Stored dataset items:
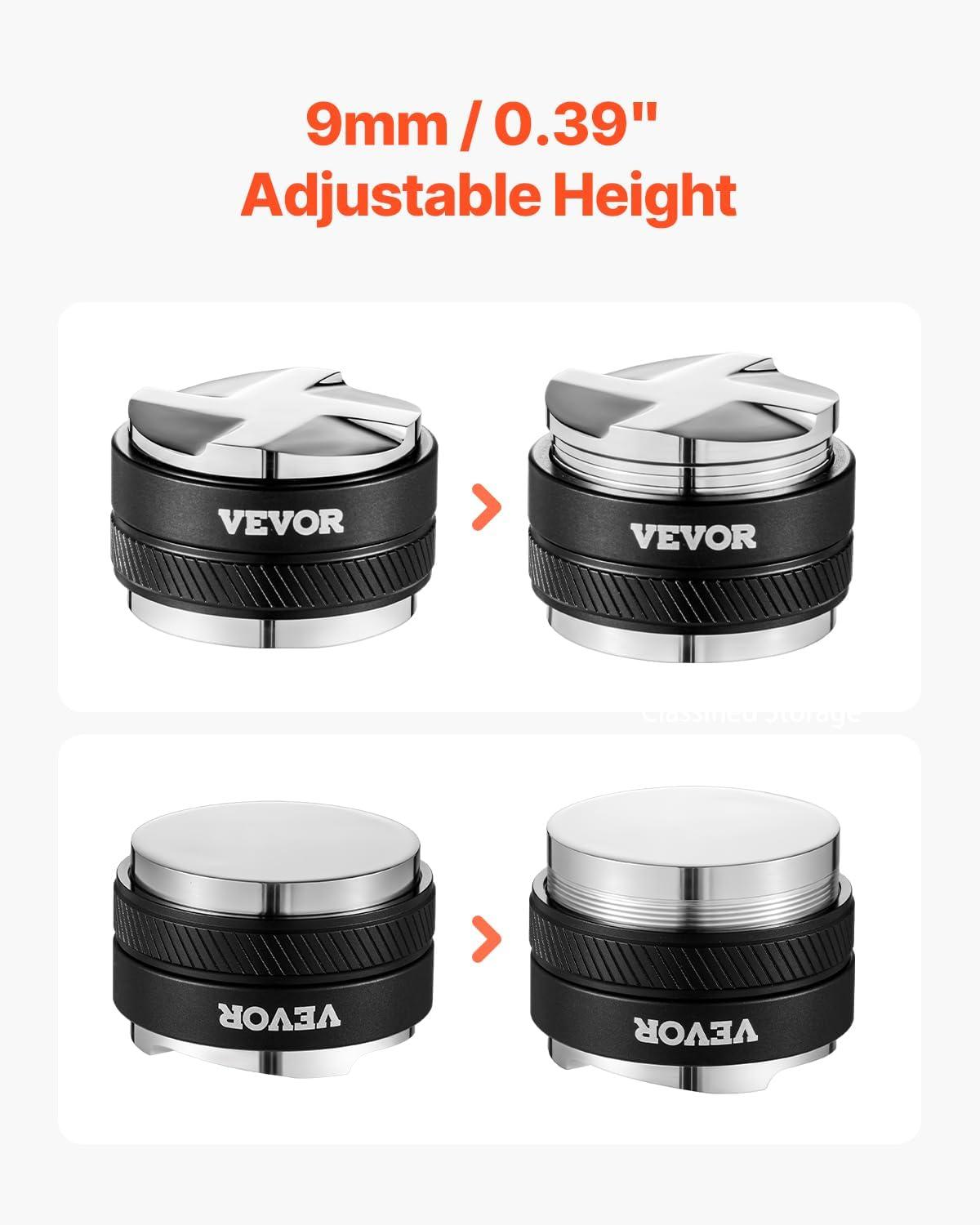 0.39″ Adjustable Height: This coffee distributor’s Height adjustment accommodates different portafilter depths, ensuring a consistent tamp and higher-quality espresso, whether using standard or custom-sized portafilters.
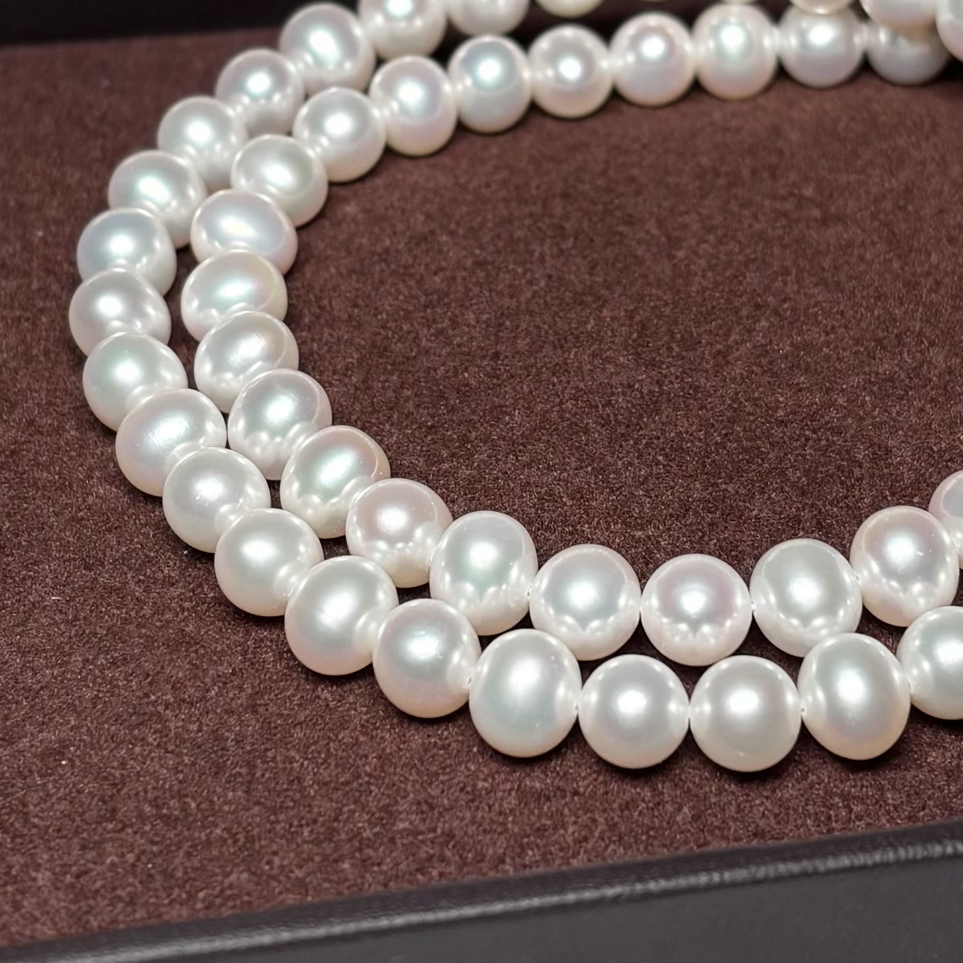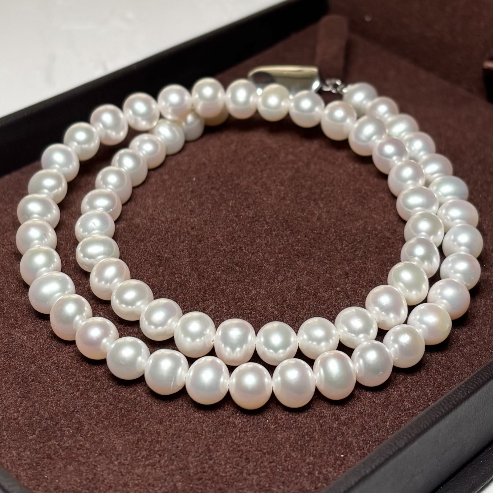 色艶の良い上質な淡水真珠を使用したパールネックレスです。定番のホワイトカラーは冠婚葬祭やフォーマルな場面に使いやすく、ひとつ持っていると重宝する一本です。淡水真珠は汗や水にも比較的強いため、カジュアルな装いにも気兼ねなく取り入れていただけます。
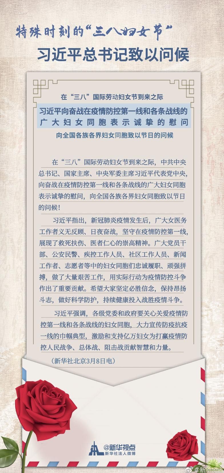新华社北京3月8日电 在“三八”国际劳动妇女节到来之际,中共中央总书记、国家主席、中央军委主席习近平代表党中央,向奋战在疫情防控第一线和各条战线的广大妇女同胞表示诚挚的慰问,向全国各族各界妇女同胞致以节日的问候!
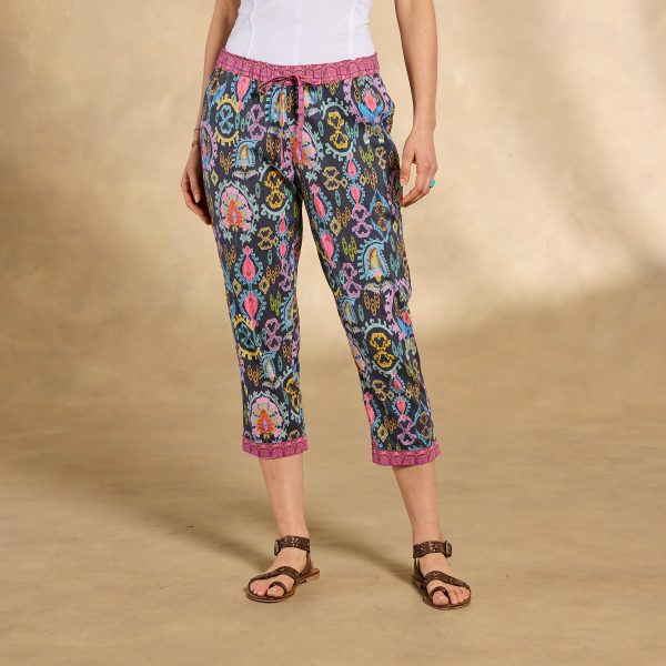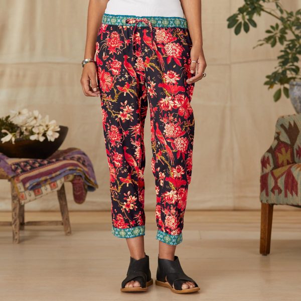 Perfectly comfortable for lounging. yet pretty enough to wear out on the town. Relaxed fit. drawstring pants in a vibrant print. Cotton. Machine wash. Imported. Exclusive. Sizes XS (0 to 2). S (4 to 6). M (8 to 10). L (12 to 14). XL (16 to 18). XXL (20 to 22). 24 inseam.
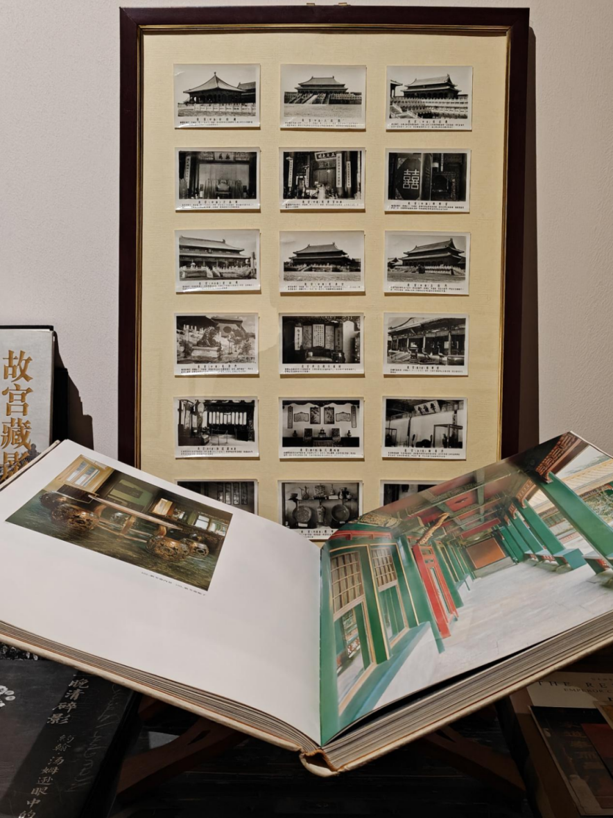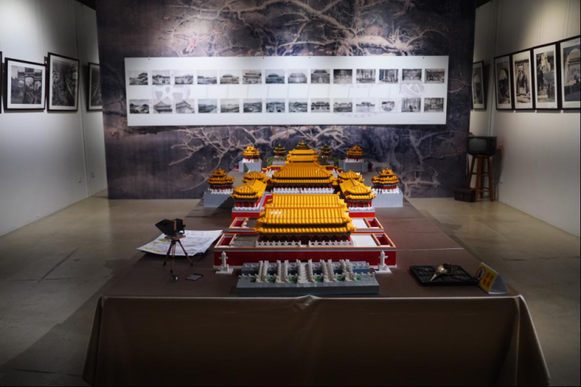 左侧展厅的一面墙上,也挂满了上世纪初外国摄影师拍摄的故宫,历史的风云变幻在眼前定格。在这些老照片前,人们的目光不禁会被一件特殊的装置设计所吸引。这是一套故宫建筑的拼插模型,极高还原度的细节复刻以及金碧辉煌的气质,让展厅的老照片鲜活起来。
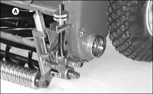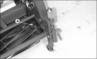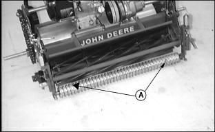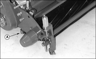 Lubricate reel at point (A) (one each side of mower) with John Deere EP Moly Grease or equivalent SAE multipurpose grease.
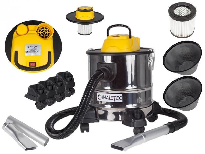 Descriere:. Dispozitivul este folosit pentru aspirarea cenusii din diferite tipuri de cuptoare, cosuri de fum si locuri greu accesibile, unde se acumuleaza praf. Aparatul este echipat cu un tub de aluminiu rezistent la caldura, rezervor rezistent la caldura, un furtun flexibil, realizat dintr-un material foarte rezistent cu spirale metalice rezistente la caldura, aspirator are un maner pentru transport si filtru HEPA, care asigura posibilitatea de aerisire praf sau murdarie aspirate.. Specificații tehnice:. - Tensiune nominala: 220 V.. - Frecventa: 50 Hz.. - Putere: 1800 W.. - Înaltime cu roti: 44 cm.. - Înaltime fara roti: 37 cm.. - Diametru: 29 cm.. - Diametrul furtunului de aspirare: 4 cm.. - Lungime furtun de aspirare: 2 m.. - Lungimea cablului de alimentare: 4 m.. - Capacitate rezervor: 18L.. - Greutate: 4,5 kg.. - Functia de suflare. Setul include:. - Aspirator ML1800-ASH.. - Furtun cu acoperire din aluminiu.. - Capat furtun de aluminiu.. - Filtru HEPA.. - 2 x saci.. - Roti
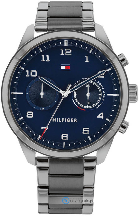 Tommy Hilfiger 1791782 to męski zegarek kierowany dla osób szukających zegarka z serii Tommy Hilfiger Patrick. Niebanalny wygląd czasomierza osiągnięto również dzięki tarczy w kolorze granatowym. Zaprezentowana metodą analogową bieżąca godzina jest czytelna i prosta do odczytania. Koperta w barwach koloru szarego szeroka jest na 44 mm oraz ma grubość 11 mm - w kształcie okrągłym.
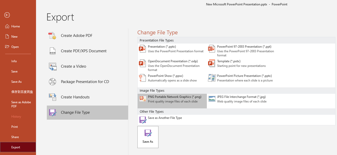 Click the Save button. A dialog box will appear asking how you would like to export the slides:
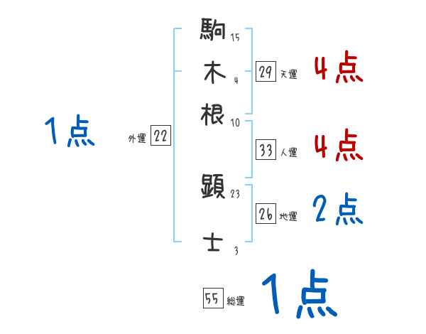 駒木根顕士さんの画数の鑑定結果
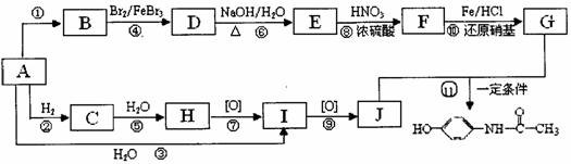 (4)写出J与G反应生成对乙酰氨基酚的化学方程式 。
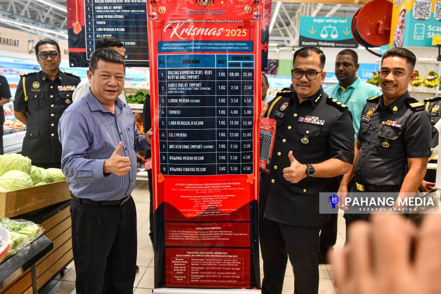 “Menjelang sambutan perayaan Krismas 2025 yang akan disambut pada 25 Disember ini, Kementerian Perdagangan Dalam Negeri dan Kos Sara Hidup (KPDN) Negeri Pahang telah turun padang bagi memantau harga sebenar pelaksanaan Skim Harga Maksimum Musim Perayaan (SHMMP) yang berkuasa dari 23 Disember hingga 27 Disember 2025.

# THE TASK
Leave the images aside and transcribe all entries exactly.

# RESULT
 0.39″ Adjustable Height: This coffee distributor’s Height adjustment accommodates different portafilter depths, ensuring a consistent tamp and higher-quality espresso, whether using standard or custom-sized portafilters.
 色艶の良い上質な淡水真珠を使用したパールネックレスです。定番のホワイトカラーは冠婚葬祭やフォーマルな場面に使いやすく、ひとつ持っていると重宝する一本です。淡水真珠は汗や水にも比較的強いため、カジュアルな装いにも気兼ねなく取り入れていただけます。
新华社北京3月8日电 在“三八”国际劳动妇女节到来之际,中共中央总书记、国家主席、中央军委主席习近平代表党中央,向奋战在疫情防控第一线和各条战线的广大妇女同胞表示诚挚的慰问,向全国各族各界妇女同胞致以节日的问候!
 Perfectly comfortable for lounging. yet pretty enough to wear out on the town. Relaxed fit. drawstring pants in a vibrant print. Cotton. Machine wash. Imported. Exclusive. Sizes XS (0 to 2). S (4 to 6). M (8 to 10). L (12 to 14). XL (16 to 18). XXL (20 to 22). 24 inseam.
 左侧展厅的一面墙上,也挂满了上世纪初外国摄影师拍摄的故宫,历史的风云变幻在眼前定格。在这些老照片前,人们的目光不禁会被一件特殊的装置设计所吸引。这是一套故宫建筑的拼插模型,极高还原度的细节复刻以及金碧辉煌的气质,让展厅的老照片鲜活起来。
 Lubricate reel at point (A) (one each side of mower) with John Deere EP Moly Grease or equivalent SAE multipurpose grease.
 Descriere:. Dispozitivul este folosit pentru aspirarea cenusii din diferite tipuri de cuptoare, cosuri de fum si locuri greu accesibile, unde se acumuleaza praf. Aparatul este echipat cu un tub de aluminiu rezistent la caldura, rezervor rezistent la caldura, un furtun flexibil, realizat dintr-un material foarte rezistent cu spirale metalice rezistente la caldura, aspirator are un maner pentru transport si filtru HEPA, care asigura posibilitatea de aerisire praf sau murdarie aspirate.. Specificații tehnice:. - Tensiune nominala: 220 V.. - Frecventa: 50 Hz.. - Putere: 1800 W.. - Înaltime cu roti: 44 cm.. - Înaltime fara roti: 37 cm.. - Diametru: 29 cm.. - Diametrul furtunului de aspirare: 4 cm.. - Lungime furtun de aspirare: 2 m.. - Lungimea cablului de alimentare: 4 m.. - Capacitate rezervor: 18L.. - Greutate: 4,5 kg.. - Functia de suflare. Setul include:. - Aspirator ML1800-ASH.. - Furtun cu acoperire din aluminiu.. - Capat furtun de aluminiu.. - Filtru HEPA.. - 2 x saci.. - Roti
 Tommy Hilfiger 1791782 to męski zegarek kierowany dla osób szukających zegarka z serii Tommy Hilfiger Patrick. Niebanalny wygląd czasomierza osiągnięto również dzięki tarczy w kolorze granatowym. Zaprezentowana metodą analogową bieżąca godzina jest czytelna i prosta do odczytania. Koperta w barwach koloru szarego szeroka jest na 44 mm oraz ma grubość 11 mm - w kształcie okrągłym.
 Click the Save button. A dialog box will appear asking how you would like to export the slides:
 駒木根顕士さんの画数の鑑定結果
 (4)写出J与G反应生成对乙酰氨基酚的化学方程式 。
 “Menjelang sambutan perayaan Krismas 2025 yang akan disambut pada 25 Disember ini, Kementerian Perdagangan Dalam Negeri dan Kos Sara Hidup (KPDN) Negeri Pahang telah turun padang bagi memantau harga sebenar pelaksanaan Skim Harga Maksimum Musim Perayaan (SHMMP) yang berkuasa dari 23 Disember hingga 27 Disember 2025.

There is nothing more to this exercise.